それがクセになって、ついズルズルにーーという説明を問いても、石田さんは承知しなかった。
「事がらは小さいかもしれんが、お客に対する態度の基本に関することじゃないか。人手のやりくりには、まだ工夫の余地があるだろう。」・・・・

国鉄線 1966年5月号 世論アラカルト

と言うことで、それまで慣例となっていた持たせ切りを石田総裁は止めさせようとしたのですが、実際持たせ切りとはどんなイメージなのでしょうか。

簡単にいえば、乗客は切符を手に持って改札が係の駅員の入鋏ハサミの前付近に持っていく、駅員は乗客が持ったままの切符に入鋏するもので、入鋏ハサミが常に動作しているので、誤って乗客の指の怪我をさせると言うこともあり得るわけで、評判としてはあまり良くなかったのも事実ですが、利用客としてもやむを得ないという思いはあったようです。

それが、以下の内容のなるのですが。

接客職員のフロントサービスがいつの場合でもジャーナリズムや国民全般から批判の的となっている。改札掛の持たせ切りは今までも何回か投書などにとりあげられていたが、要員、作業方法などで完全廃止はむつかしいとされていた。
今回の総裁指示の「持たせ切り廃止」は、朝日新聞の特ダネの形で報道されたが、その後、読売・東京新聞のコラムでとりあげられており、産経は国電主要駅に取材して、その効果を調べあげている。

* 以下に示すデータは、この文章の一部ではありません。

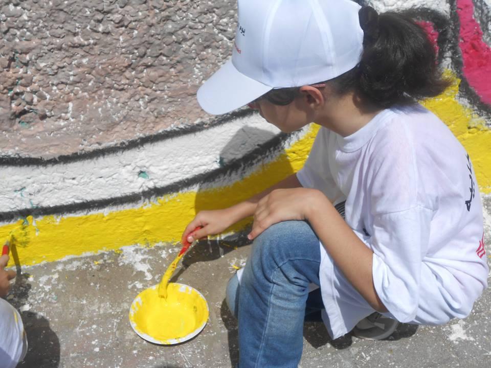 بالصور: المبادرات الشبابية ترسم جدارية "حريتي كرامتي" في الخليل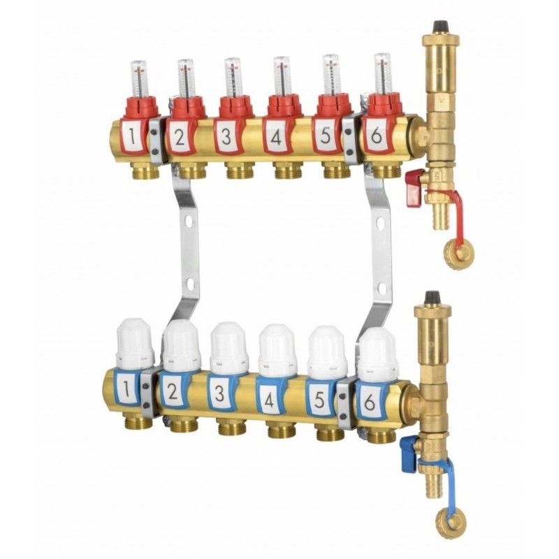 Komplet rozdzielacza z mosiądzu do ogrzewania podłogowego w budynkach. Wyposażone w : łączniki instalacyjne, zawór odpowietrzający C.O. DN15-P, kurek kulowy spustowy C.O. DN-15P, zawór termostatyczny bez głowicy DN15-K, wskaźnik przepływu 0,5 -5l/min. , uchwyt montażowy.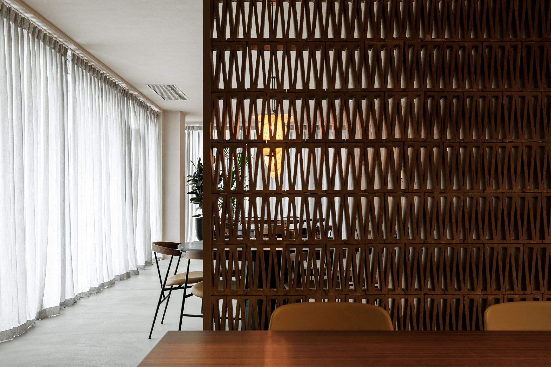 Ovaj upečatljivi element napravljen je korišćenjem 3D pregrade Celosia by Patricia Urquiola brenda Mutina koji u Srbiji zastupa kompanija EuroDOM.

と書かれていますが、世論としては持たせ切りが必ずしも悪いと思っていないようで、

持たせ切りのイラスト、国鉄線 1966年5月号 世論アラカルトから引用

産経新聞の朝刊には、以下のように載っていたと記述されています。

三月二十二日付産経〔朝刊〕の記事によりますと、旅客の多いラッシュアワー時には持たせ切りのほうが早いし、旅客の中も承知の上でキップを切リやすいように差出す人もいるわけで。

『やめてほしいが、混雑するときはムリかもしれない』とか、『急いでいるときは持たせ切りをしやすいようにキップをだしています。問題はそれより駅員の心構えではないですか。キップをいちいち受取る駅員でも横柄な感じの人は多いし』・・・・という言葉をのせている。

とあるように、国民の間では朝ラッシュ時などの持たせ切りはやむを得ないと思うが、それ以上に駅員の態度が横柄であったりするのは何ともならないものかということで、この頃世論としては、真のサービス向上は、国民の望みであったと言えそうです。

そして、国鉄に対しては、明治以降の官設鉄道の頃からの「乗せてやる」「運んでやる」という意識が根強く残っているのではないかという意見も有ったようです。